My personal experience with chains on a gravel drive is that when they don't help the machine to move, they dig very nice holes. Tracks don't dig holes. At least not yet; I have 20+ years of experience with chains and less than 2 years (so far) with tracks. Tracks are harder to turn, or maybe it is more accurate to say that they need more room to turn. I stand my snowblower on its nose in a corner for storage so tires or tracks make no difference to me in that regard. 

Good luck in your search, let us know what you get and how it works for you.


----------



## Eddie Bausch (Nov 25, 2014)

Well I really like that Ariens 24 inch tracked machine VMaxed linked to. I can do the price and it looks like it matches my needs perfectly. Trouble is everyone is out of stock with expected delivery times of Dec 30th. I even called the local mower shop who told me they are sold out of snow blowers and do not expect any more in. 

I checked Craigs List as well. This is the only one that interest me but it is not a tracked machine.

https://cincinnati.craigslist.org/tls/4773955278.html 

Maybe I should just order one and wait. I have been clearing the driveway for years with out my future blower, what's another month?


----------



## greatwhitebuffalo (Feb 11, 2014)

Eddie Bausch said:


> Hi Guys - I am going to be purchasing a two-stage snow blower very soon but am not sure if I should go with tracks or tires. This is for residential use on a concrete driveway in good condition about 200 feet long. Here is the kicker much of the driveway is a 22% grade. .


 the main downfall of snowblower vs. tractor plowing is, the snowblower is an inherently lighter machine, with generally smaller tires, and lacks the traction of the larger/heavier tractor.

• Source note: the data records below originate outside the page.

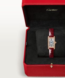 Tank Américaine watch, mini model, quartz movement. 18K rose gold (750/1000) case and faceted crown set with 31 brilliant-cut diamonds totaling 0.55 carats. Silvered sunray dial, blued-steel sword-shaped hands, sapphire crystal. Shiny red alligator-skin strap, 18K rose gold (750/1000) ardillon buckle. Case dimensions: 28 mm x 15.2 mm, thickness: 6.5 mm. Water-resistant up to 3 bar (approx. 30 meters/100 feet).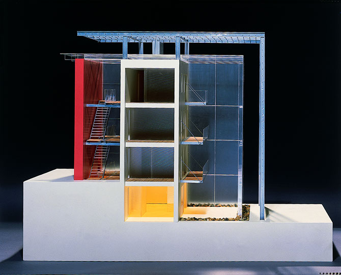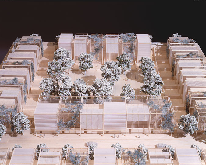 The basic four storey house is made up of a simple laminated glass box which provides the main living space and makes the most of the potential for solar gain, and a highly insulated core structure which contains the kitchen, bedrooms and bathrooms, and is made of pre-fabricated concrete panels, their thermal mass reducing the impact of rapid changes in external temperature. Internal walls are non-load bearing so that space can be rearranged easily. The basic house can be combined in various ways to form streets and squares.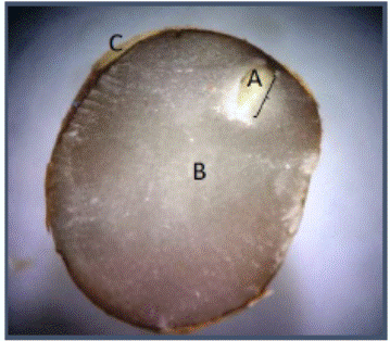 La testa envuelve un endospermo compacto, vidrioso, donde se encuentra un embrión rudimentario de ≤ 0,35 cm de largo, de forma cilíndrica, amarillo claro, consistencia suave, posición basal cerca del micrópilo, el epicótilo y la radícula no presentan muchas diferencias, excepto que la radícula en la parte inferior tiende a ser más ancha (fig. 2).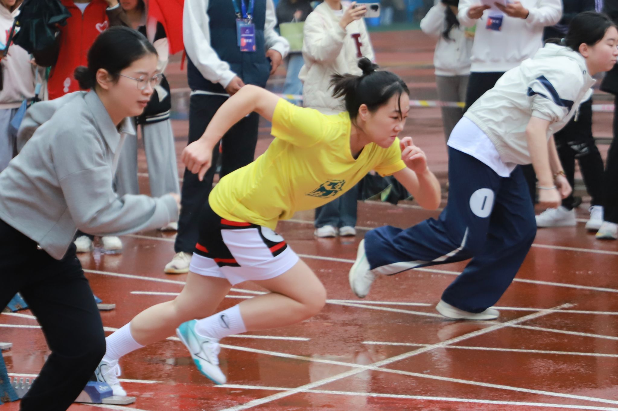 除了篮球赛场外,汪点月在田径赛道上同样展现出不服输的劲头。校运动会中,她在女子100米、400米两个项目中直面不同维度的速度与耐力考验。女子100米赛道上,她反应迅速、起跑迅猛。意外摔倒这一突发状况并未浇灭她的斗志,她带着未消的痛感与不服输的韧劲,在下午的400米赛道上再度启程。赛道上,她稳控节奏、弯道蓄力、直道加速,现场助威声为其注入满满动力,最终以稳健姿态冲过终点线,斩获第二名。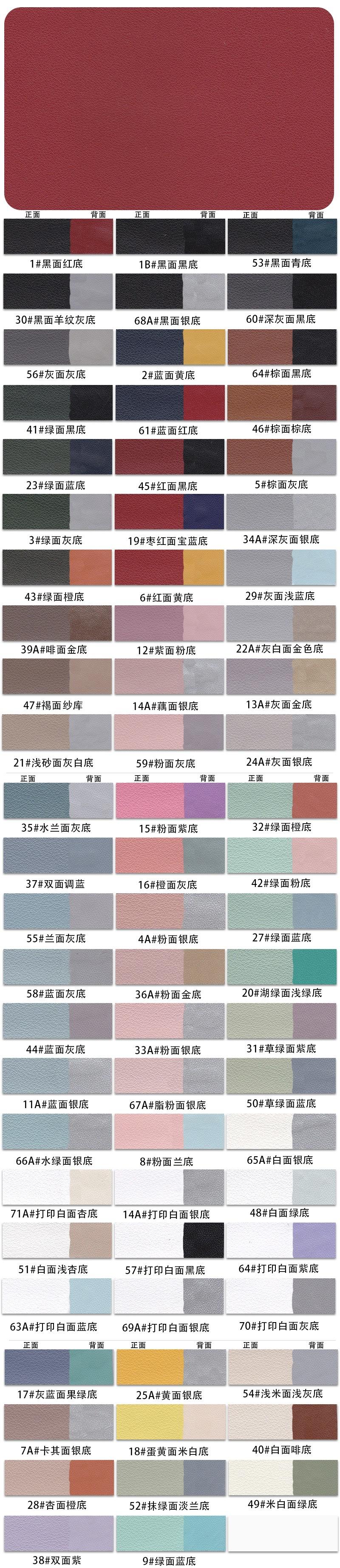 #1 maroon + black back, #2 orange + military green on the back, # 16 orange + back pink, #3 yellow + agate red...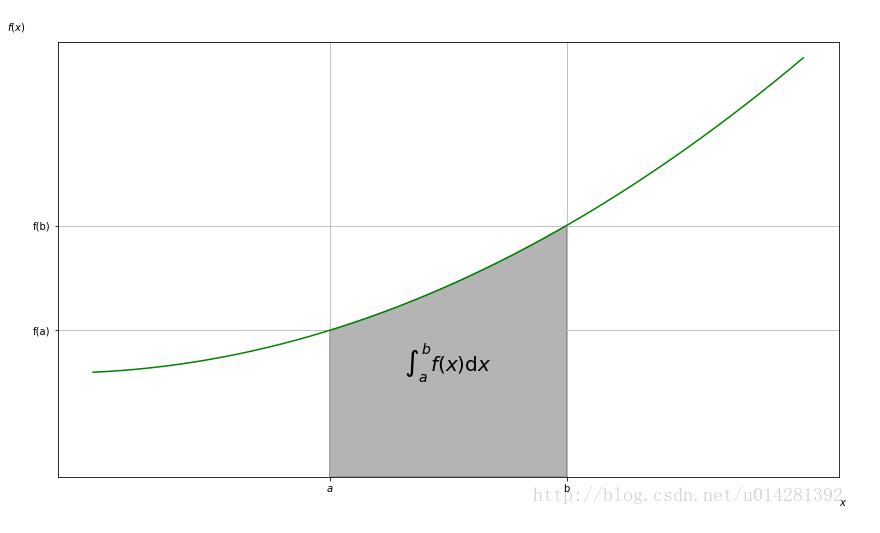 plt.text(0.5 * (a+b), 1, r"$\int_a^b f(x)\mathrm{d}x$",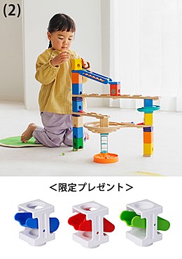 ブロックとレールでビー玉転がしのコースを組み立てるセット。鉄琴パーツ付きで、動きを目と音で楽しめます。数量限定でビー玉の動きを変化させる「コントロールブロックセット」をプレゼント。
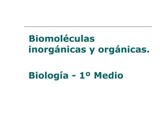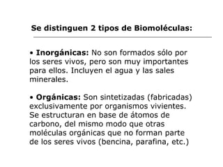 El documento describe las principales biomoléculas inorgánicas y orgánicas. Las inorgánicas incluyen el agua y sales minerales, mientras que las orgánicas como carbohidratos, lípidos, proteínas y ácidos nucleicos son sintetizadas por organismos vivos. El agua es esencial para la vida y constituye la mayor parte de la masa celular, mientras que las sales minerales participan en procesos como la conducción nerviosa y muscular.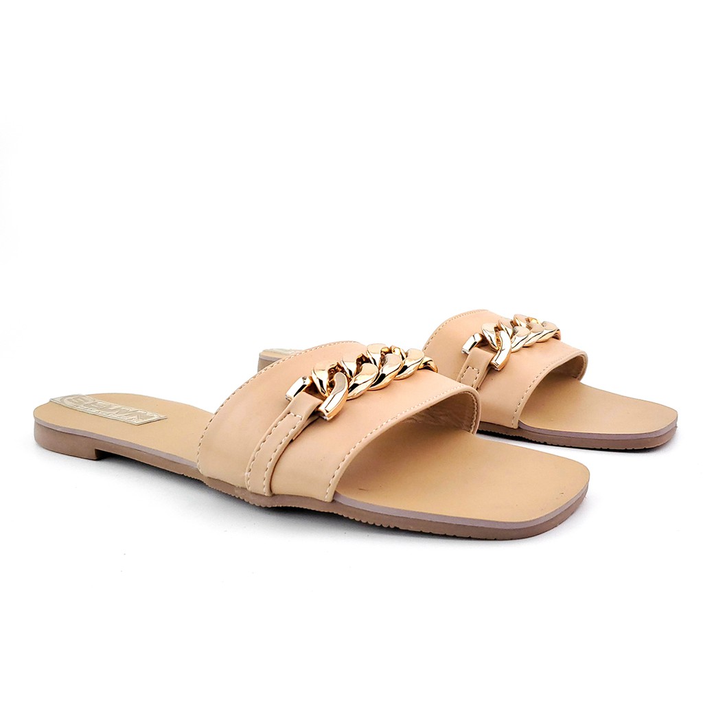 👉Dép nữ đế bệt quai ngang dây xích đan thời trang D0550: Được thiết kế trẻ trung, cá tính với chất liệu da mờ, quai ngang ôm chân, họa tiết dây xích nổi bật mang lại sự hiện đại trẻ trung cho người sử dụng.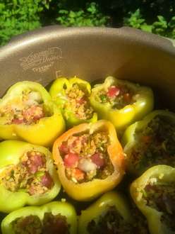 Можно готовить и с рисом, и с мясом, и с грибочками. Да и фаршировать можно и помидоры, и кабачки, и баклажаны. Начинка из булгура — пшеничной крупы — кажется мне более изысканной и нетривиальной. В мультиварке блюдо готовится как в печке, все пропитывается соками и ароматами, а если дать ее постоять в чаше с закрытой крышкой, то становится еще насыщеннее и вкуснее.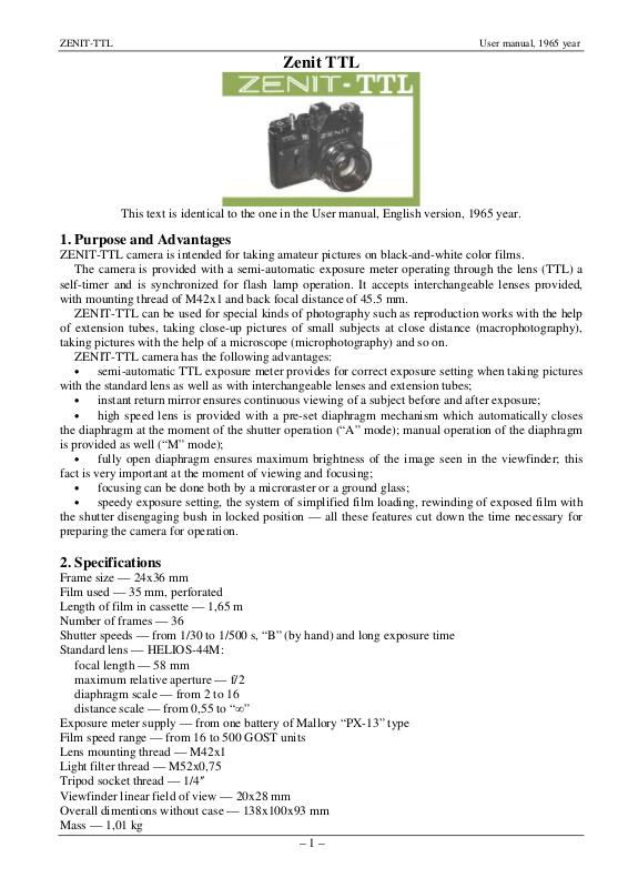 ZENIT-TTL camera is intended for taking amateur pictures on black-and-white color films.
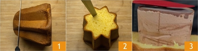 Pour préparer le pandoro farci de NUTELLA Glacé, commencez par couper la partie supérieure du pandoro à environ 3-4 cm de hauteur 1. À l'aide de la lame d'un couteau long et dentelé, creusez l'intérieur du pandoro pour créer une cavité d'à peu près la même taille que le bac de NUTELLA Glacé 2. Transférez le pandoro sur le plat de service, puis retirez le papier de la glace et insérez-la à l'intérieur de la cavité 3.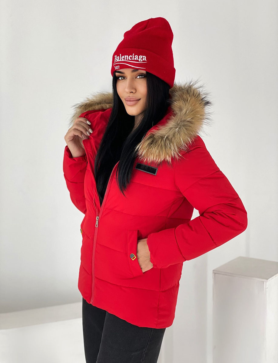 Описание: Куртка зимняя женская цвет ярко-красный. Высокий воротник. Есть капюшон декорирован натуральным мехом. Застежка на молнии, есть два кармана.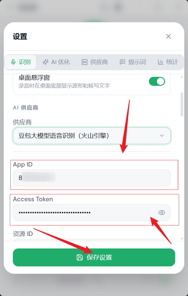 - 回到 SpeakIn 软件的设置页 -> 识别 -> 豆包配置区,把这两个值粘贴进去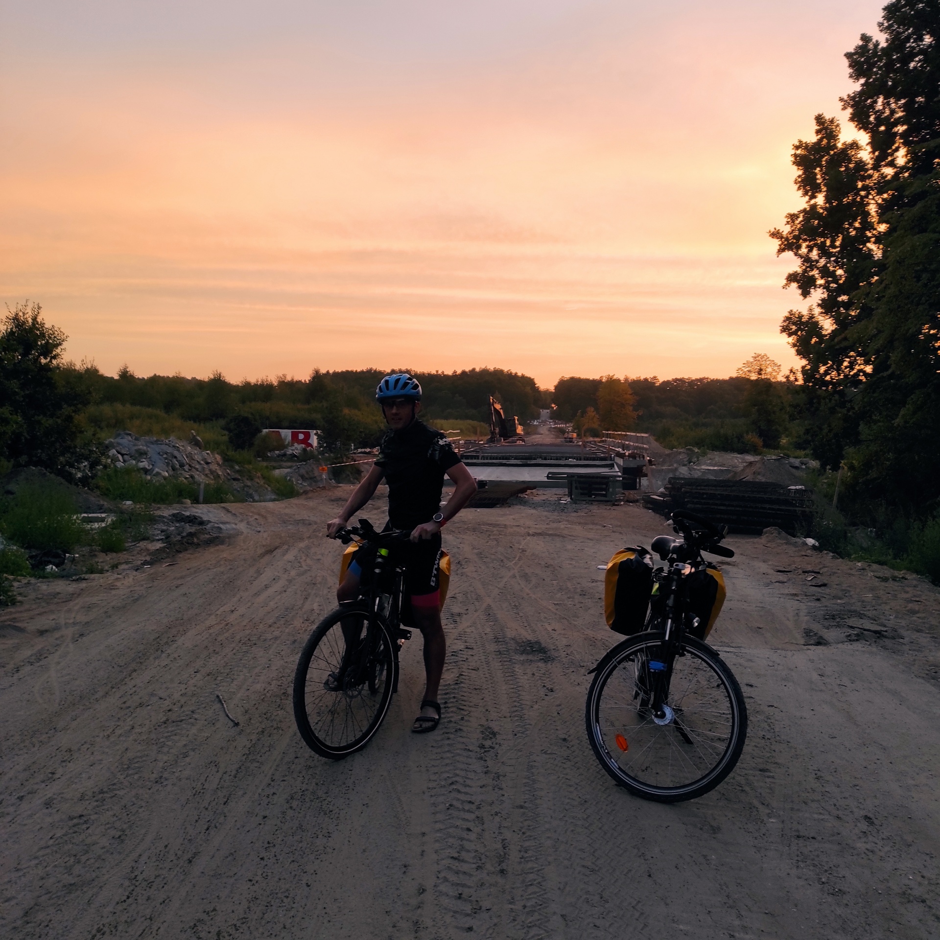 Było bowiem już dość późno. Na trasie się okazało, że droga wojewódzka którą się poruszaliśmy, jest w remoncie. Dlatego spory odcinek jechaliśmy piaszczystą nawierzchnią a resztę nowiuteńkim i pustym asfaltem. Tym asfaltowym pustym odcinkiem jechało się po prostu wspaniale! W połowie remontowanego odcinka musieliśmy jednak przekroczyć rzekę. Bo w końcu jakiś powód braku ruchu musiał być? Tyle tylko że most jest w trakcie budowy, dlatego przekroczyliśmy ją prowizorycznym drewnianym wąskim pomostem.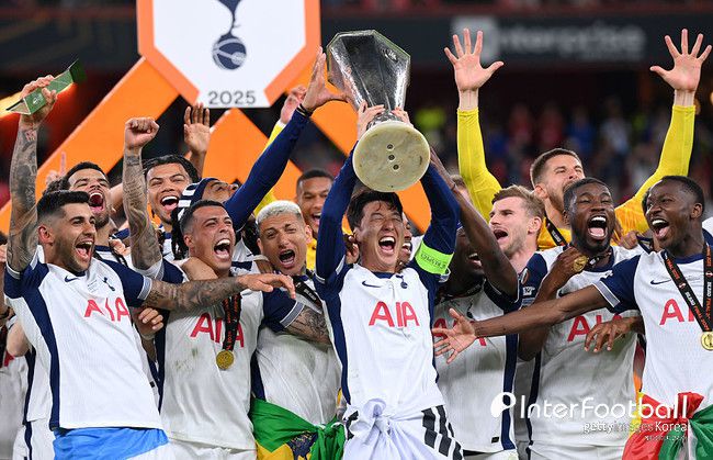 토트넘 훗스퍼는 22일 오전 4시(한국시간) 스페인 빌바오에 위치한 에스타디오 산 메마스에서 열린 2024-25시즌 유럽축구연맹(UEFA) 유로파리그(UEL) 결승전에서 맨체스터 유나이티드를 상대로 1-0으로 승리했다. 이로써 토트넘은 우승 트로피를 거머쥐었다.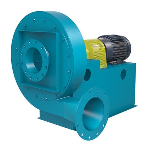 The TBNS Turbo Pressure Blower is used for applications requiring lower volumes and higher air pressures. The radial steel impeller of the TBNS is designed to handle fumes, light particulates and temperatures up to 600°F (315°C).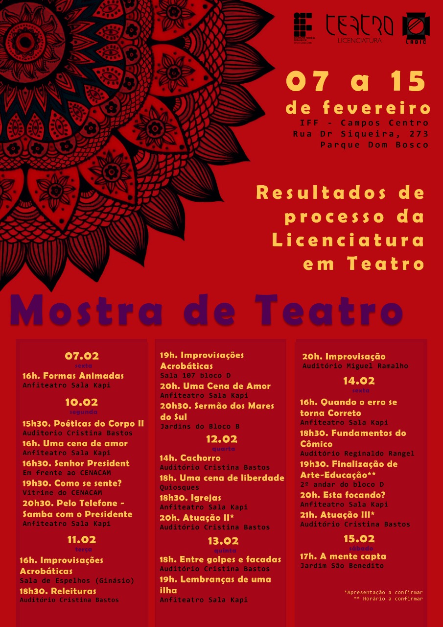 Atividades desenvolvidas no campus por estudantes da Licenciatura em Teatro.

if you get a snowblower, get one with the largest tires available for traction

a tracked blower is better yet for traction


----------



## vmaxed (Feb 23, 2014)

Eddie Bausch said:


> Well I really like that Ariens 24 inch tracked machine VMaxed linked to. I can do the price and it looks like it matches my needs perfectly. Trouble is everyone is out of stock with expected delivery times of Dec 30th. I even called the local mower shop who told me they are sold out of snow blowers and do not expect any more in.
> 
> I checked Craigs List as well. This is the only one that interest me but it is not a tracked machine.
> 
> ...


 Speedway has five 

Ariens Compact Track Snow Blower - 24" - 208cc


----------



## Hanky (Nov 14, 2014)

I had a tracked machine for 18 years just sold it and went to a 1128 Toro and like my new Toro but wish it had tracks, No Ariens dealer near by so that is why the Toro.


----------



## KaRLiToS (Nov 21, 2014)

HCBPH said:


> I've only owned wheeled machines and with chains they've worked for me. I have though worked on a couple of tracked machines over the years. One thing to watch on tracks is whether there are grease zerks on the various hubs on it. Without the ability to grease them they can rust up in some cases, which is what I encountered.
> 
> If nothing else, see what locals around you use and have then ask them how they feel about their machines.
> 
> Good luck.


Is that necessary on the Honda HSS928TC track model?


----------



## Kiss4aFrog (Nov 3, 2013)

Tracks if you need the most traction but wheels are so much easier to move around.


----------



## Eddie Bausch (Nov 25, 2014)

vmaxed said:


> Speedway has five
> 
> Ariens Compact Track Snow Blower - 24" - 208cc


They have one less now.

Thanks for the link.


----------



## vmaxed (Feb 23, 2014)

Good luck with your new Ariens Ed


----------



## Kiss4aFrog (Nov 3, 2013)

Eddie Bausch said:


> They have one less now.


congratulations on your purchase


----------